# TASK BRIEF:
The printed result should hold only the lines from the opening of the data through the line bearing "Antique Vintage Leather", exactly as given and without pictures.

# RECORDED DATA:
——————————
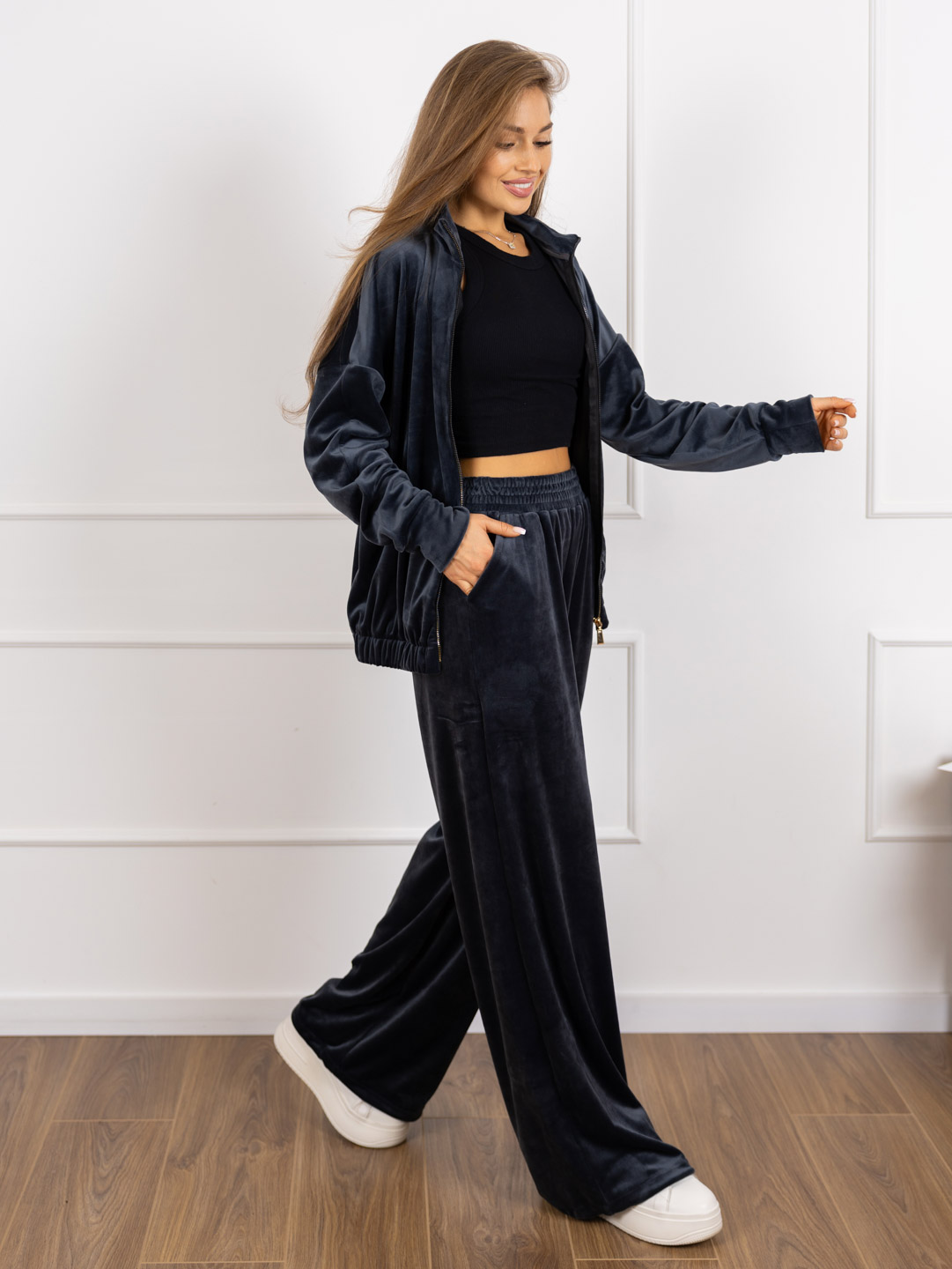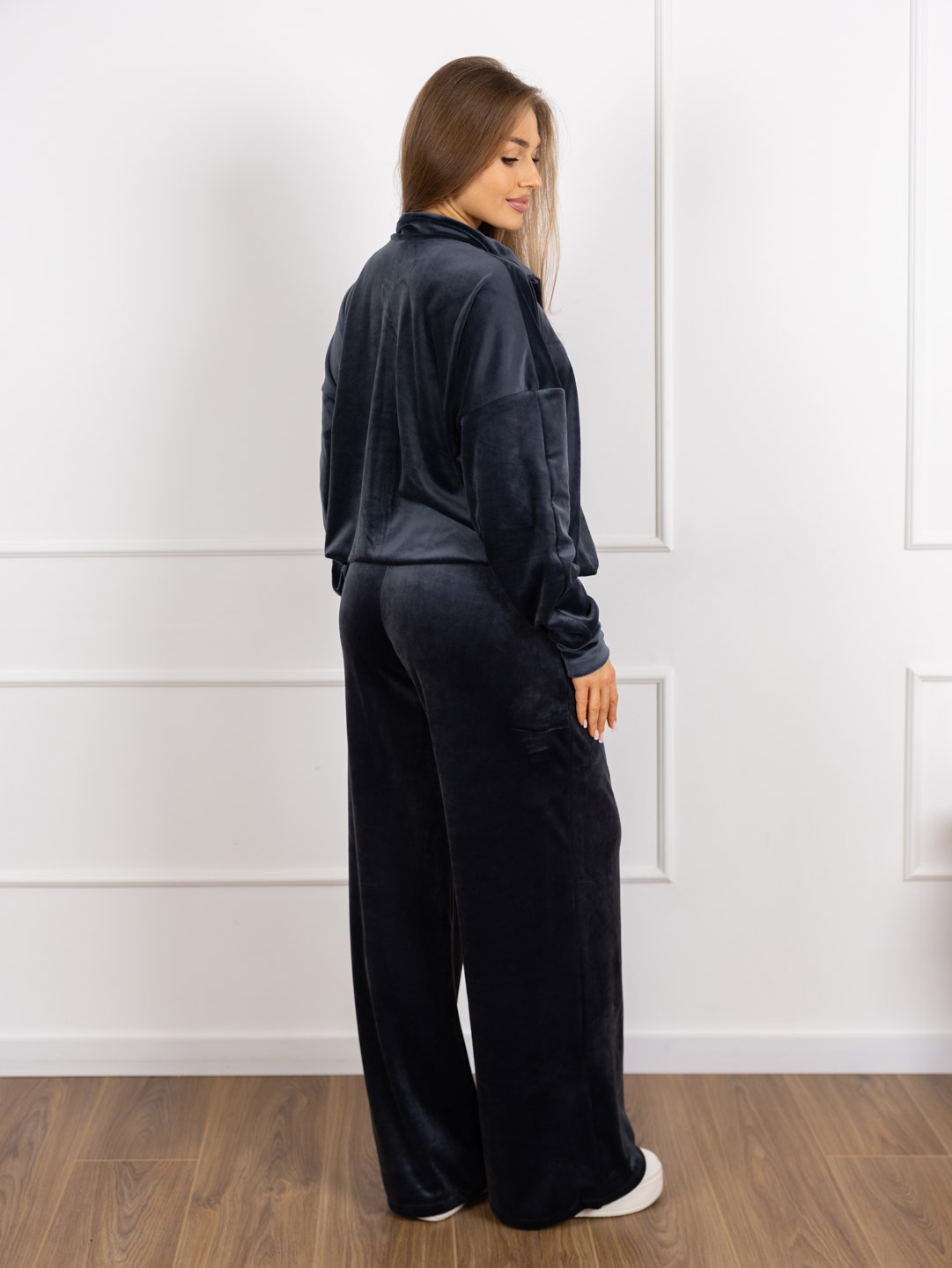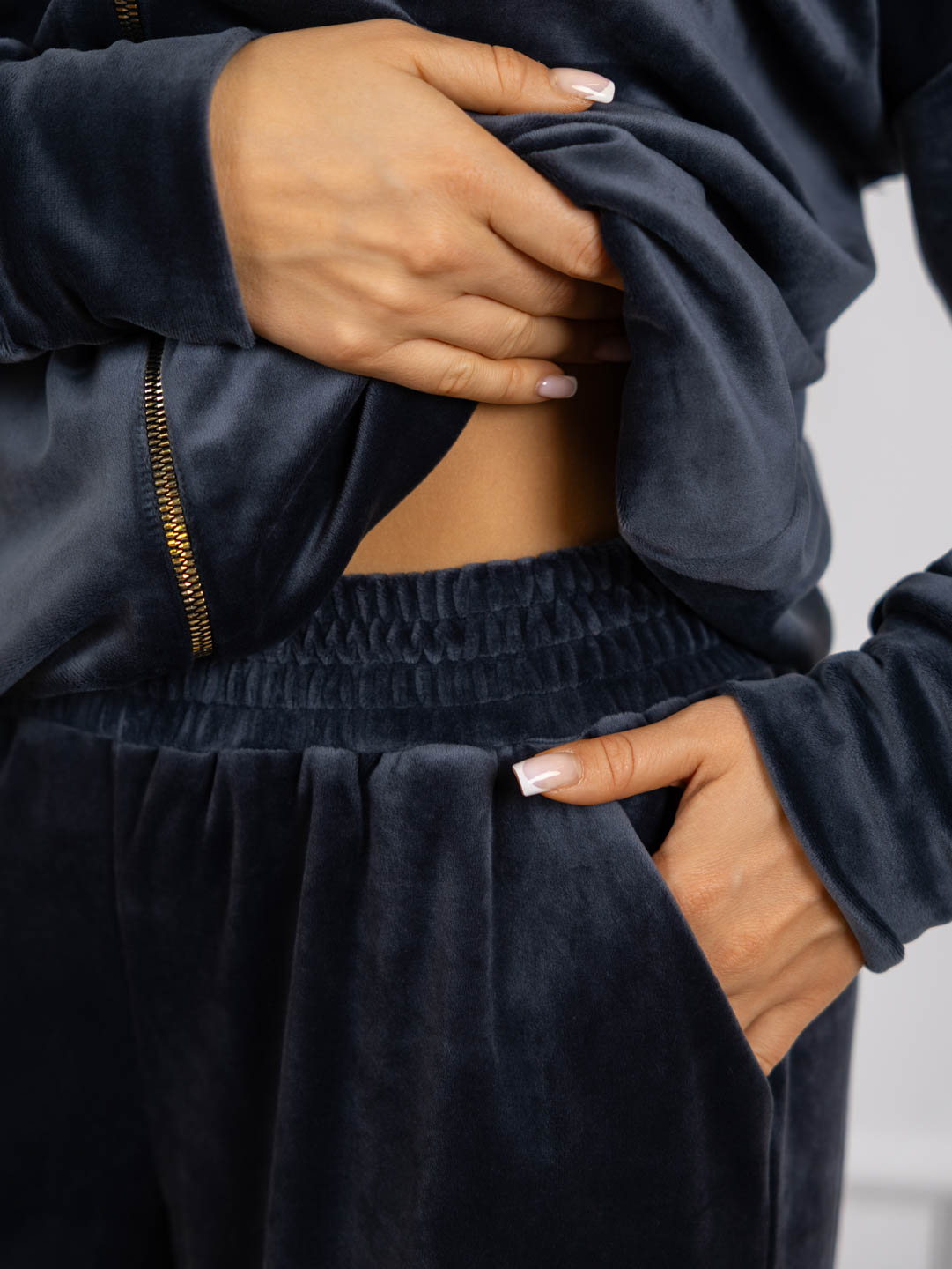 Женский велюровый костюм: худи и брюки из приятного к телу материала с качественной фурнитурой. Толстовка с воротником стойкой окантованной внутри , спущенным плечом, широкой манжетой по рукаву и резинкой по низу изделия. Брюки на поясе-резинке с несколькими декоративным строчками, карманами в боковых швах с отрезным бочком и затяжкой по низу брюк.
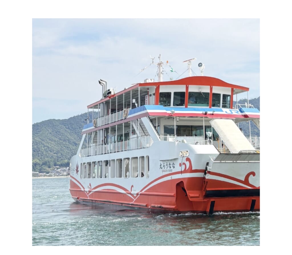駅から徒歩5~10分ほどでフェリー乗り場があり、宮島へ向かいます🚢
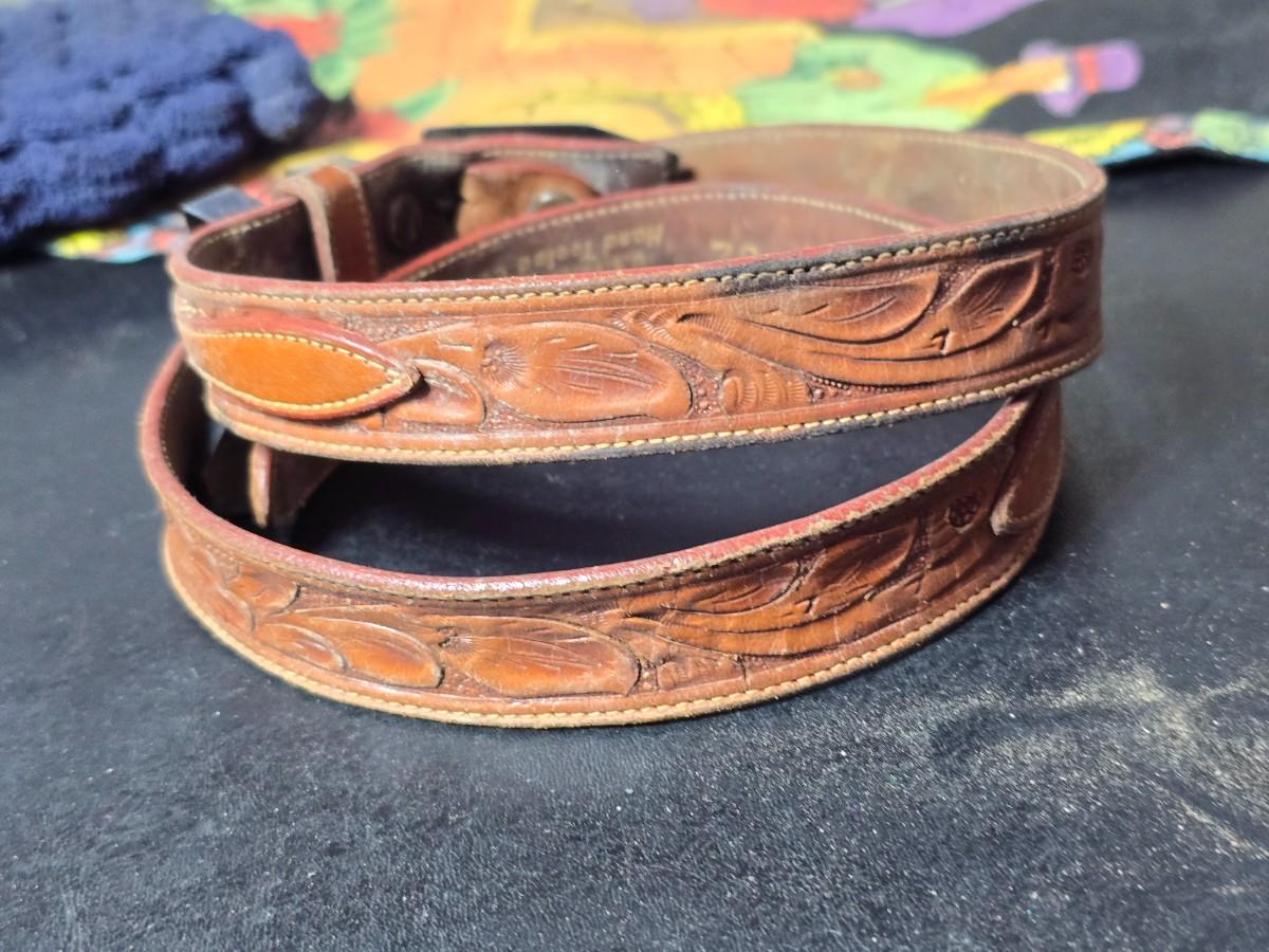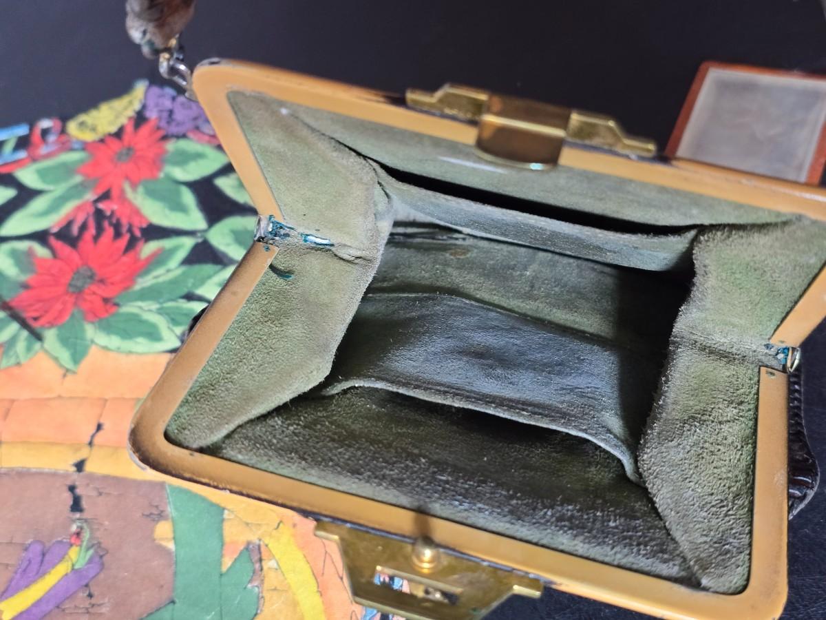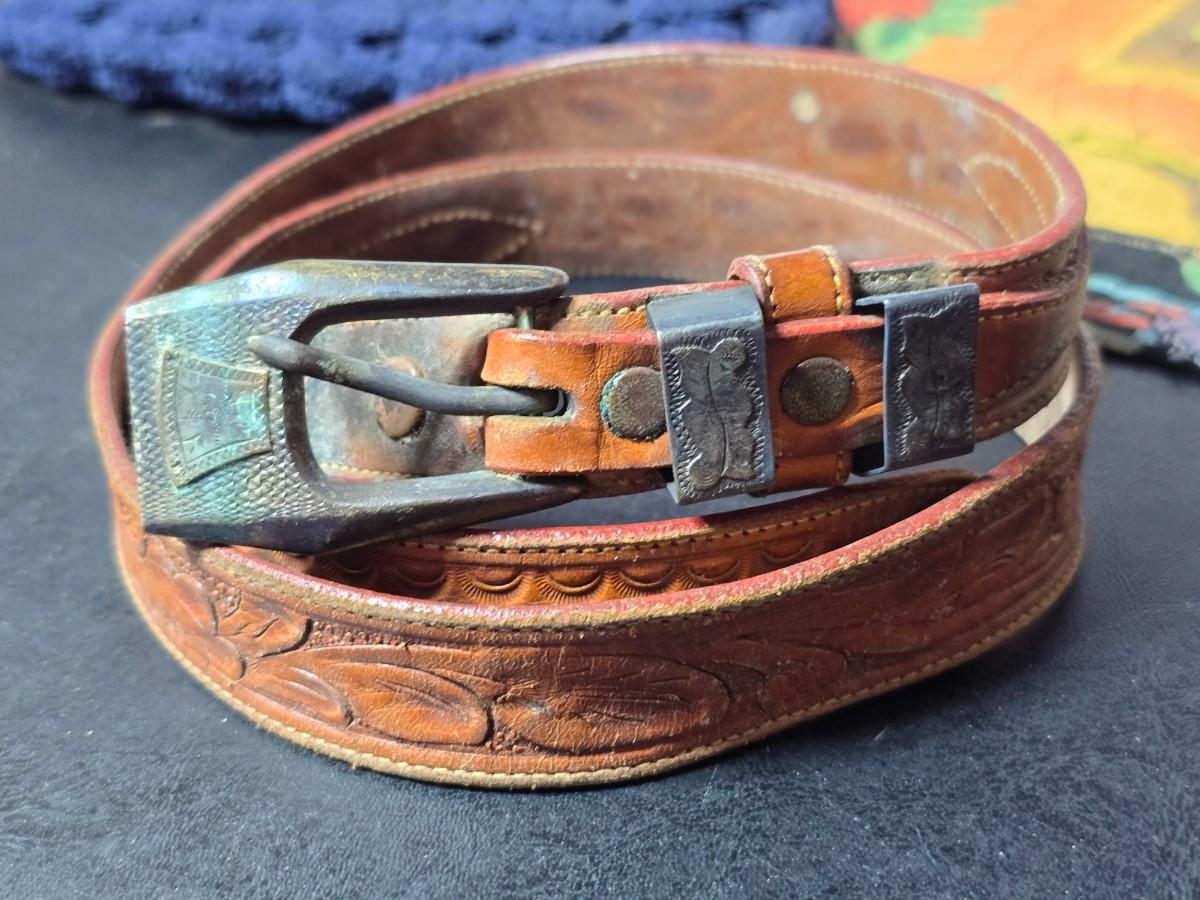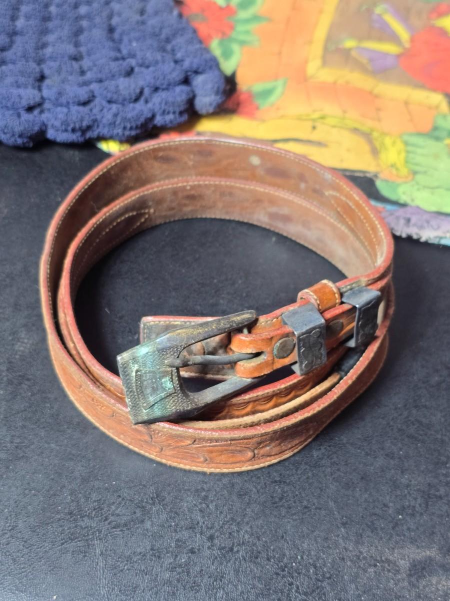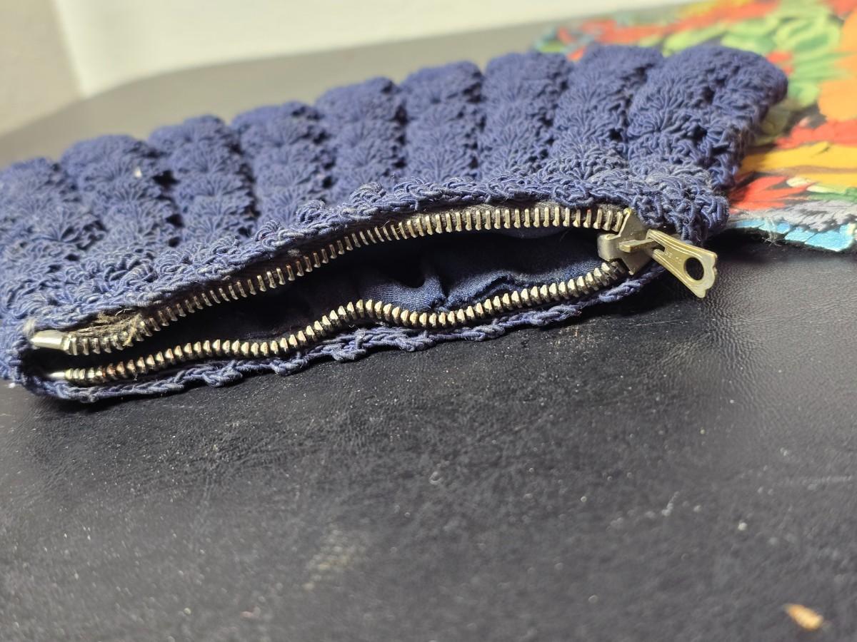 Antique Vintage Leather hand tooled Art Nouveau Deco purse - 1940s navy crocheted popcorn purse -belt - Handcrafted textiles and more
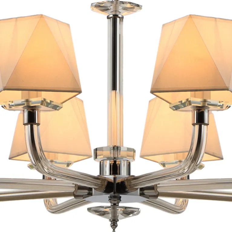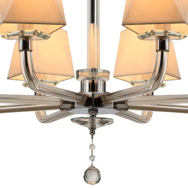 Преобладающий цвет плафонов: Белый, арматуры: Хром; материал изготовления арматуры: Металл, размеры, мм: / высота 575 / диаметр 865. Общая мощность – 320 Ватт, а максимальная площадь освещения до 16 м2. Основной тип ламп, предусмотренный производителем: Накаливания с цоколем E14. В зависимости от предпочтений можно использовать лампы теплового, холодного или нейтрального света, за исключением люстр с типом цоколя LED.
——————————
# RESPONSE BELOW:
 Женский велюровый костюм: худи и брюки из приятного к телу материала с качественной фурнитурой. Толстовка с воротником стойкой окантованной внутри , спущенным плечом, широкой манжетой по рукаву и резинкой по низу изделия. Брюки на поясе-резинке с несколькими декоративным строчками, карманами в боковых швах с отрезным бочком и затяжкой по низу брюк.
駅から徒歩5~10分ほどでフェリー乗り場があり、宮島へ向かいます🚢
 Antique Vintage Leather hand tooled Art Nouveau Deco purse - 1940s navy crocheted popcorn purse -belt - Handcrafted textiles and more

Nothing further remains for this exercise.